Should I revert factors to numeric form, manually?-CodePudding

HF$anaemia = as.factor(HF$anaemia)
HF$diabetes = factor(HF$diabetes,levels=c(0,1),labels=c("Absent","Present"))
HF$hypertension = factor(HF$high_blood_pressure,levels=c(0,1),labels=c("Absent","Present"))
HF$sex = factor(HF$sex,levels=c(0,1),labels=c("Female","Male"))
HF$smoking = factor(HF$smoking,levels=c(0,1),labels=c("No","Yes"))
HF$DEATH_EVENT = as.factor(HF$DEATH_EVENT)

HF <- select(HF, -high_blood_pressure)

nrow(HF)
[1] 299

So this is the code I ran to adjust my variables before I began analyzing my current dataset. I'm at a point where I want to perform Cox Regression using My.stepwise::My.stepwise.coxph(), which requires all my variables to be numeric-- the way they were before I ran the code above.

I don't have industry experience yet and would like to know if the proper way to adjust my variables back to numeric form would be to do so manually... or is making a copy of the original dataset good enough?

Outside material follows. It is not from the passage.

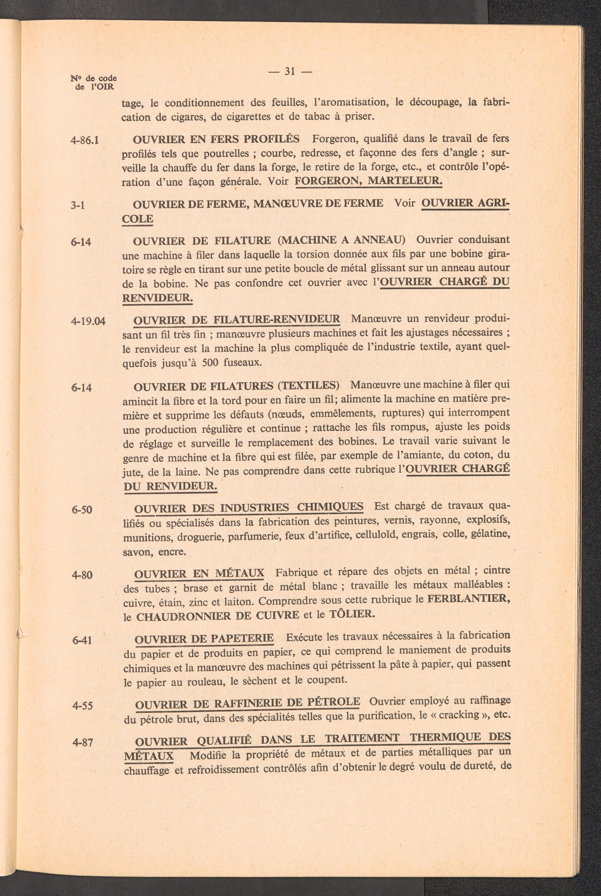 Nomenclature des professions avec définitions et renvois à utiliser pour l'établissement des rapports de l'OIR sur les aptitudes professionnelles des réfugiés / International Refugee Organization

Could the answer possibly be that "yes, it'd be ideal to revert back manually with a large dataset but since this one only has 299 observations, it's fine to make a copy"?

CodePudding user response：

If we need the factor columns to be integer, an option is to loop over the factor columns and use as.integer

HF2 <- HF
i1 <- sapply(HF, is.factor)
HF2[i1] <- lapply(HF, as.integer)

CodePudding user response：

With dplyr

library(tidyverse)

HF %>% 
  mutate(across(where(is.factor), as.numeric))